Too many to count. If I had to pin down three, right at this moment, I’d beg to name four. Two would be classics: Wilkie Collin’s The Moonstone, and Josephine Tey’s Brat Farrar. For more modern writers, I’d choose Louise Penny, whose characters stay with me long after I’ve finished her books. And Laura Van Wormer, who writes for Mira, helped me see that “English Village Mysteries” can take place anywhere, including her settings: a major television studio and a brownstone in the heart of Manhattan.

Do you listen to music when you write?

Maggie McDonald's sidekick golden retriever Belle and her best pal Mozart
Maggie McDonald’s sidekick golden retriever Belle and her best pal Mozart

Almost never. Now that I live in a condo complex, I sometimes have to drown out extraneous noise. I own a pair of fetching ear muffs — the kind that people who work with chain saws wear to protect their hearing. They are a great “do not disturb the writer” signal. I will occasionally listen to classical music when I’m editing, but I find music all-encompassing. Listening to music is a wonderful experience, but it’s distracting when I’m writing.

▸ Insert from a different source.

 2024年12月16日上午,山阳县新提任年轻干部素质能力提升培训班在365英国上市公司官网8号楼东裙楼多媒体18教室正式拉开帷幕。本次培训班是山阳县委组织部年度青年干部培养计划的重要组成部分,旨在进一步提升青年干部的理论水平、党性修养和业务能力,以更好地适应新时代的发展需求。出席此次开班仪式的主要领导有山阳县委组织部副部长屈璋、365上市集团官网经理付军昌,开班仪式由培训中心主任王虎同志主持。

If your latest book were chocolate, what kind would it be and why?

A chocolate cookie that accompanies a cup of tea or coffee. My characters frequently eat cookies. To quote the main character, “In Orchard View, cookies are currency.”

What made you interested in writing this particular story?

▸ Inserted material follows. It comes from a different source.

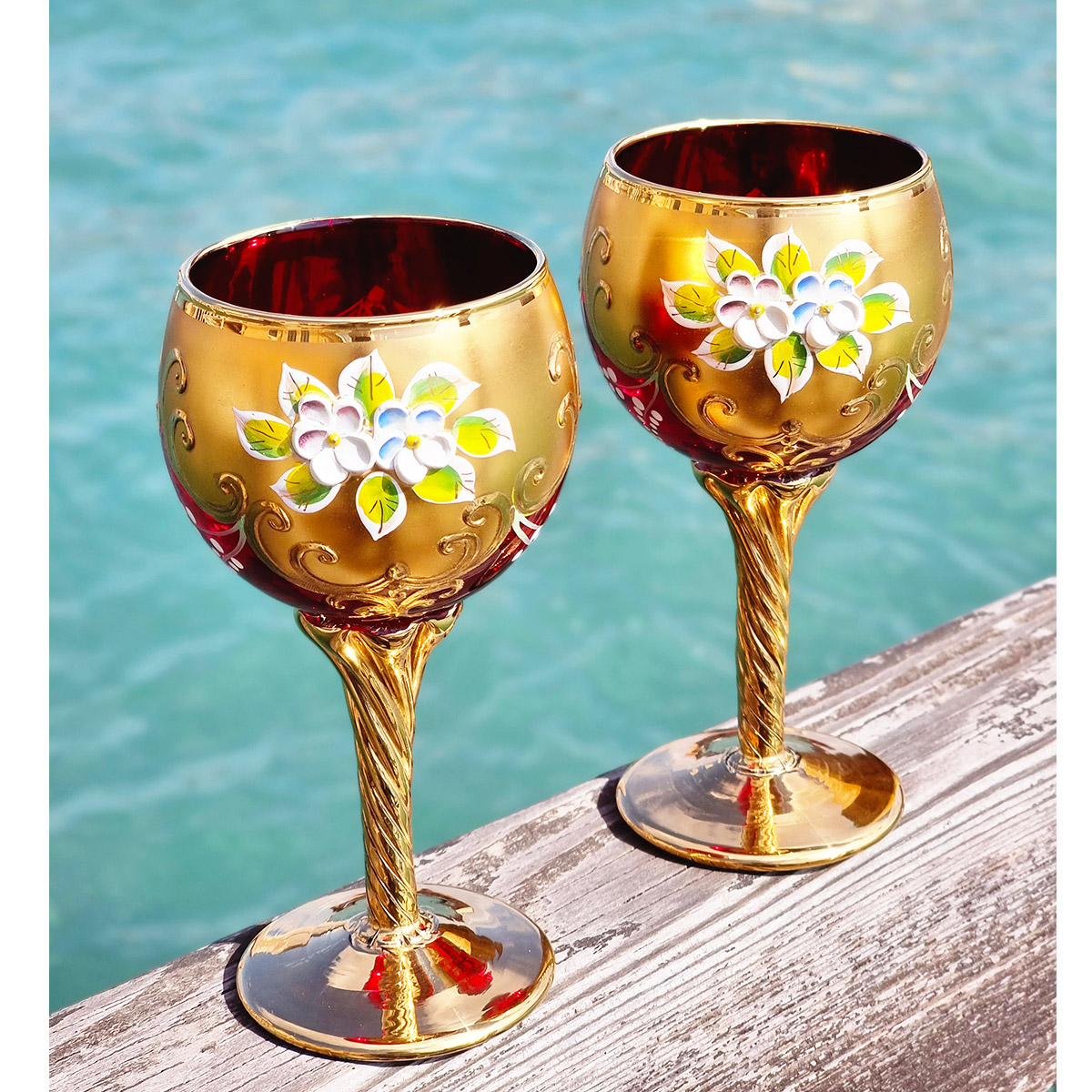 Those glassware of high quality are handmade one by one, blown and painted by free hand by our italian artisans with gold and enamels.

Oh dear. This is like true confessions, isn’t it? Before our move to the beach, I lived in a Silicon Valley community filled with successful people who took the education of children very seriously. Unfortunately, they didn’t share the same goals or methods. And that dichotomy made tempers run high, creating animosity, polarization, and some very spirited internet discussions. Everyone had the children’s best interests at heart, but many people demonized those who disagreed with them. One day I looked at some of the things that were being said online, and thought, “what if all these people were actually as bad as they are described in these posts?”

Of course, that was just the seed. All of the characters in the books are completely made up. Real people aren’t consistently interesting enough to be book characters.

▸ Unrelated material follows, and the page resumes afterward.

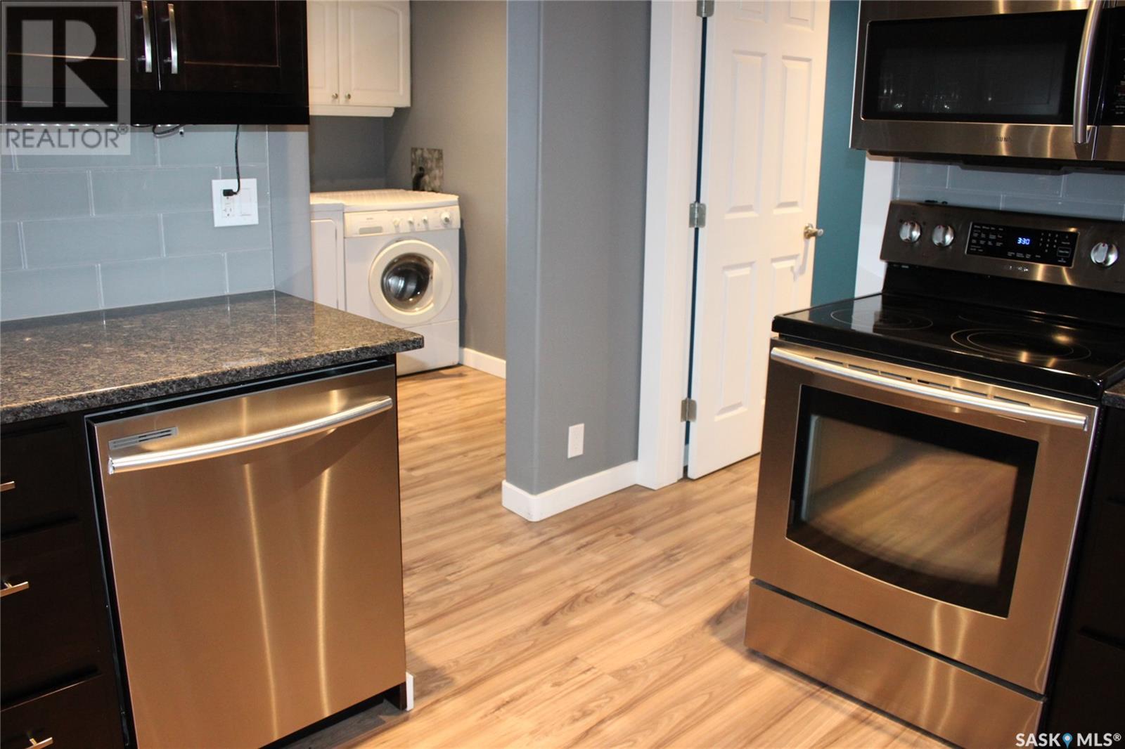 Welcome to a FABULOUS 2-bedroom, upgraded bungalow overflowing with natural light and upgrades! This 704 sq ft gem of a home offers everything a first-time homeowner would appreciate including a double detached garage, a gorgeous kitchen with granite counters, glass backsplash, solid cabinetry, and a stunning stainless steel appliance package. The open-concept dining & living room areas are bright with laminate floors, newer windows, neutral colors, & the space feels comfortable & functional. Two bedrooms on the main floor are both a good size. The full bath is certainly modern, spacious, & well-designed with double sinks, & plenty of storage! Completing the main floor is a mud room with washer/dryer included. Heading downstairs, the room could easily be used as a large bedroom (it does have a window & closet). A newer furnace, updated electrical & added spray foam insulation with work done in the basement makes this home truly move-in ready. The engineer's report is available. The home is situated on a sprawling 4309 sq ft double lot! A spectacular double garage with 220V and its own service panel is a great feature! Immediate possession is available. Other items worth noting: newer vinyl siding, nat. gas bbq line (BBQ can stay), and a friendly neighborhood surrounds this 1945-built bungalow. It is a must-see! Check it out! (id:22211)

What themes do you regularly (re)visit in your writing?

My themes tend to circle around the issues that communities struggle with and which have no easy solutions. I’m very interested in why people do the right things for the wrong reasons, or the wrong things for the right reasons. I often discover themes in the final edit that I had no idea I was writing about. That’s one of the real treats of writing, I think.

Tell us about your main character.

My main human character is Maggie McDonald, a professional organizer whose world is running amok. She grew up in a Central Valley university community, and sometimes feels that the people of Silicon Valley are a breed apart. As she discovers the quirks of the area, I hope that readers do, too. The animals are a huge part of the story and tend to play tug-of-war with the limelight. They help me reveal more about the human characters and have been lots of fun to write.

Describe your protagonist as a mash-up of three famous people or characters.

That’s a diabolically tricky question! Maggie goes after injustice and aims to restore order with the passion of Joan of Arc. Her approach to organization is more Julia Child than Marie Kondo. Like Julia, she shares her skills to give others a means of having fun and getting more out of their lives. She has no patience with rigid organizing principles. She relates to animals as James Herriott does and does her best detecting when she’s among them.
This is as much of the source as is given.